Fractional CGO Services
Growth Leadership for Gertrude Law Firms, Sitting Above the Silos
You spend on marketing, field the leads, and chase business development — while no single person owns the number they’re all supposed to move. We work above the silos and aligns the entire engine behind one scoreboard.
In Short
What does a fractional CGO do for a Gertrude law firm?
A fractional Chief Growth Officer for a law firm is a senior revenue executive who runs the full path from lead to signed client to repeat business on a part-time, contracted basis. Rather than owning one function like marketing or ops, the CGO orchestrates across the silos — connecting marketing, intake, sales, and retention into one accountable system instead of each working hard while qualified leads leak between the handoffs.

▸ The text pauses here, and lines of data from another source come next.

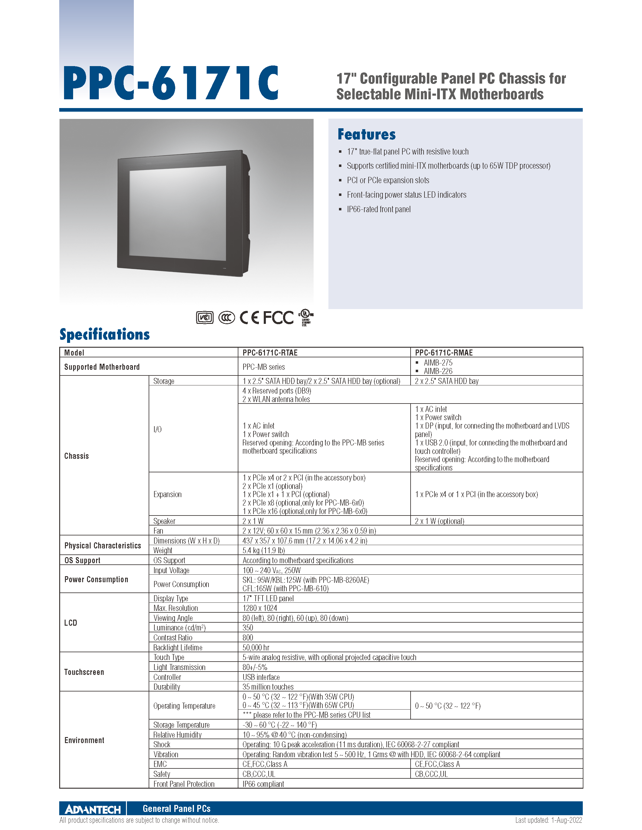 17" 可配置工業平板電腦 兼容多種 Mini-ITX主版
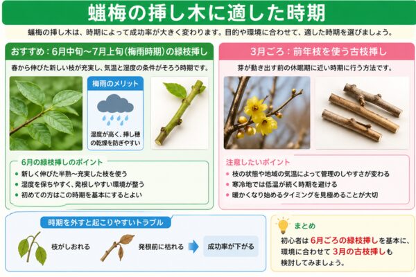 蝋梅は挿し木が簡単な樹木とは言い切れないため、時期を外すと枝がしおれたり、発根前に枯れたりする可能性が高まります。初めて挑戦する場合は、6月ごろの緑枝挿しを基本に考えるとよいでしょう。
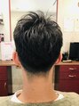 周りを3ミリで刈り上げてトップを根元からしっかり梳いて軽めに仕上げました。
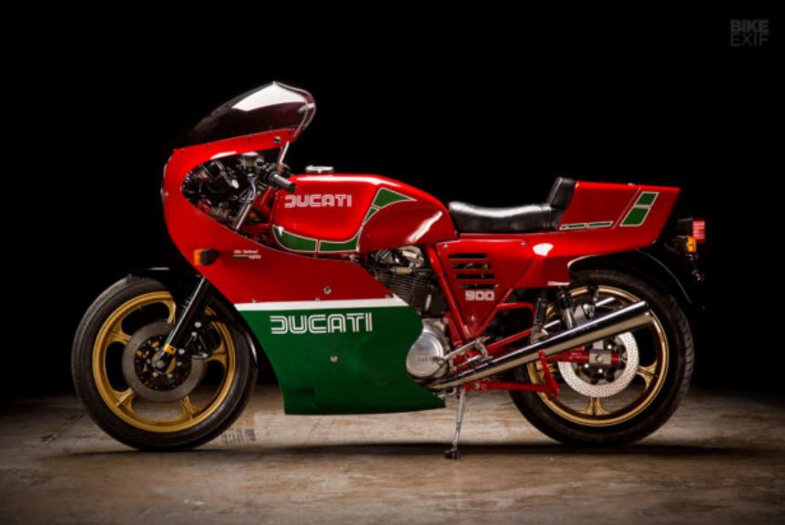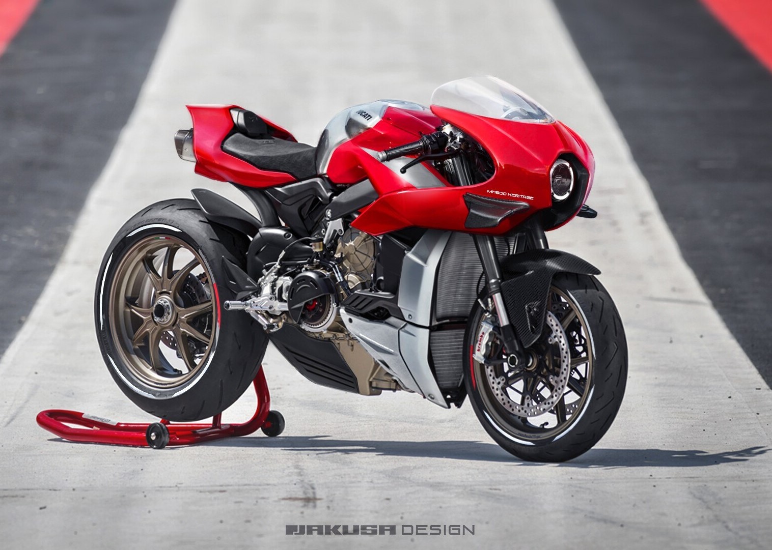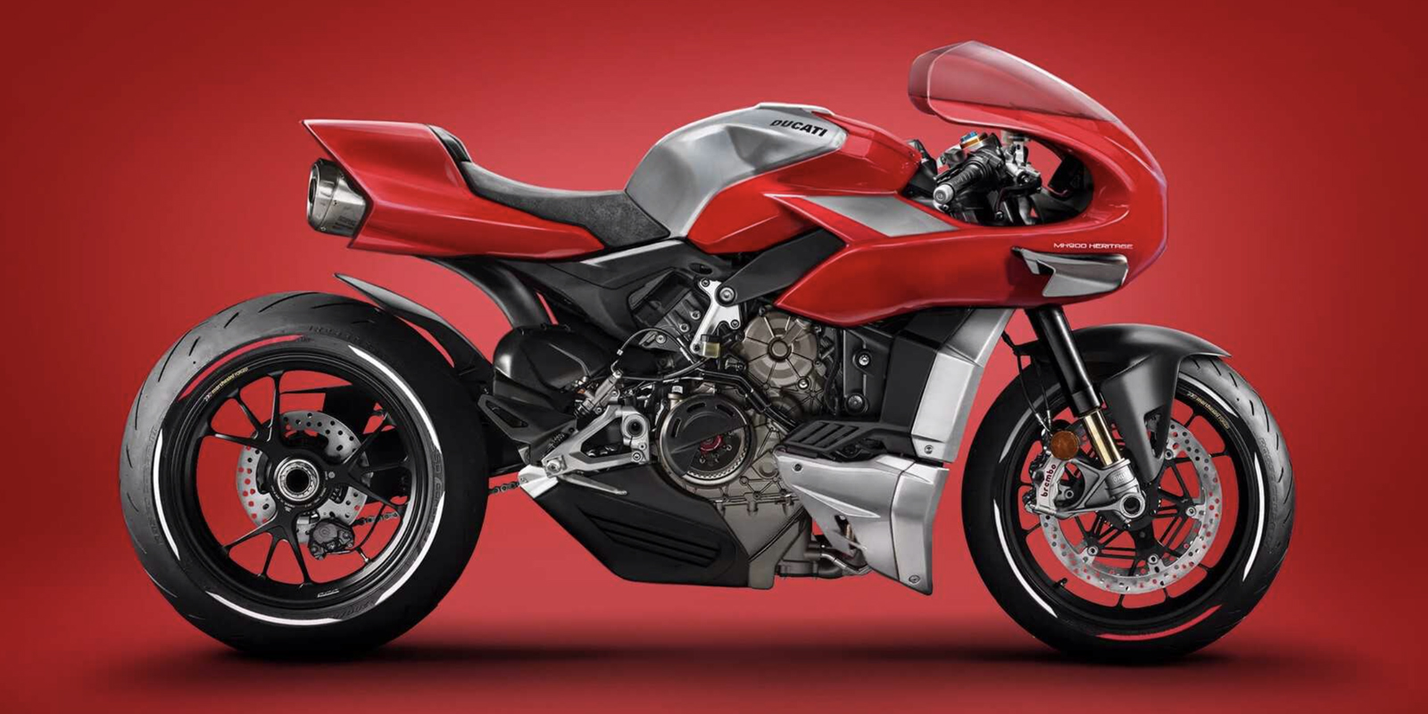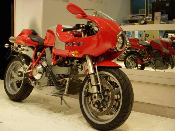 杜卡迪最初的H900e由Pierre Terblanche設(shè)計(jì),以向Mike Hailwood 1978年的賽車致敬。MH900e最初的原型配備,904cc排量的2氣門風(fēng)冷V型雙缸發(fā)動(dòng)機(jī),配備Desmodromic氣門系統(tǒng),最大馬力74Ps/8000rpm的最大容量,最大扭矩76Nm/6500rpm,匹配6速變速箱。

- Senior revenue leadership for about 20–40% of a full-time hire’s price
- Built for $1M–$100M+ firms where the teams don’t share one number
- Engagements usually run 6–18 months, then ease into advisory support
The Model
Why no one owns the baton
Each team runs hard, but leads cool in the handoffs. A CGO owns the whole relay and the one number it feeds.
Demand
Pointed at qualified pipeline and cost-per-signed-case, not clicks.
Speed-to-lead
Every qualified lead answered fast — none left to cool.
Sales & BD
Structured pursuit from inquiry to engagement.
Referrals
Happy clients recycle into new pipeline.
The Difference
What changes when one owner runs the number
The gap isn’t budget; it’s ownership of the handoffs.
Siloed
- Marketing, intake, and sales each report their own metric
- Qualified leads cool off in the handoffs
- More revenue requires a bigger budget
- No one owns the revenue number
With a fractional CGO
- A single source of truth across every team
- Speed-to-lead under five minutes, every time
- Revenue grows on the spend you already have
- A single accountable owner
One Number
One number, owned and moved every week
North-star
One growth number the whole firm runs on, with a single owner on the hook for it.
The Mandate
Where a fractional CGO owns the work for a Gertrude firm
Demand & marketing oversight
Spend pointed at pipeline, not clicks.
Intake
The gap where most firms quietly lose cases, fixed.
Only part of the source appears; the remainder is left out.